It's the last day of our summer AP Institute, learning about the changes for APUSH that we need to take into account for next year. It's been an exhausting week and we're all ready to be done, especially those of us in FCPS as this extended our already long school year by an extra 4 days. We're also sitting in a classroom on a Saturday from 8-5, and we'll be here until 5. No getting out at 4:30 like we all hope!
I'm also blogging this for the #SummerLS or summer learning series that is taking place through the twitter hashtag. If any fellow educators want to join in, look up Todd Nesloney on twitter and ask to join!
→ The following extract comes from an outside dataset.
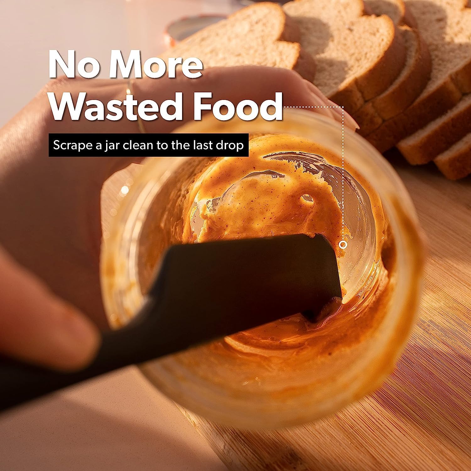 • ELIMINATES WASTED FOOD - Our innovative and revolutionary design ensures you can pick a jar or blender clean without getting your hand in the food. Unlike cheap plastic utensils that are ineffective at getting too hard to reach spots in a jar or blender, we have created silicone spatulas that will easily and completely remove mayo, peanut butter, and other foods hassle free, to the last drop. The result, no more wasted food.

The changes for APUSH seem to be good. The biggest thing is the change in the DBQ and what students need to do with the documents within the essay. Rather than just using an analysis of 55% of the documents as in the past, students now need to use ALL of the documents (or at least all minus one) and either discuss the historical context, intended audience, purpose or point of view for each document. The rubric is going to change, but join the APUSH facebook group or the #APUSH chat on twitter and you should find some resources. There's also apparently lots on the Teacher Community on AP Central. So big change for this year is going to be paring down how much lecture we do, to add more time analyzing documents in class and discussing them.
Another big change to the test are the short answer questions. Students have to answer all of these, and the focus is on answering the prompt, either based on a picture (so a question would be "discuss the point of view of the artist in regards to (historical context)"), a text excerpt, or no stimulus. 2-3 sentences shouldn't be a problem, the real issue in teaching them how to write these is that they're not mini essays. Maybe start these as warm-ups on index cards to limit their space.
Instead of 2 FRQs, students now write one long essay (the new name) that also mentions historical thinking skills, so we're going to have to specifically name and teach those with our kids so they understand what the questions are asking.
There's definitely going to be some changes in the classroom, but it will be good changes going into more depth with the kids.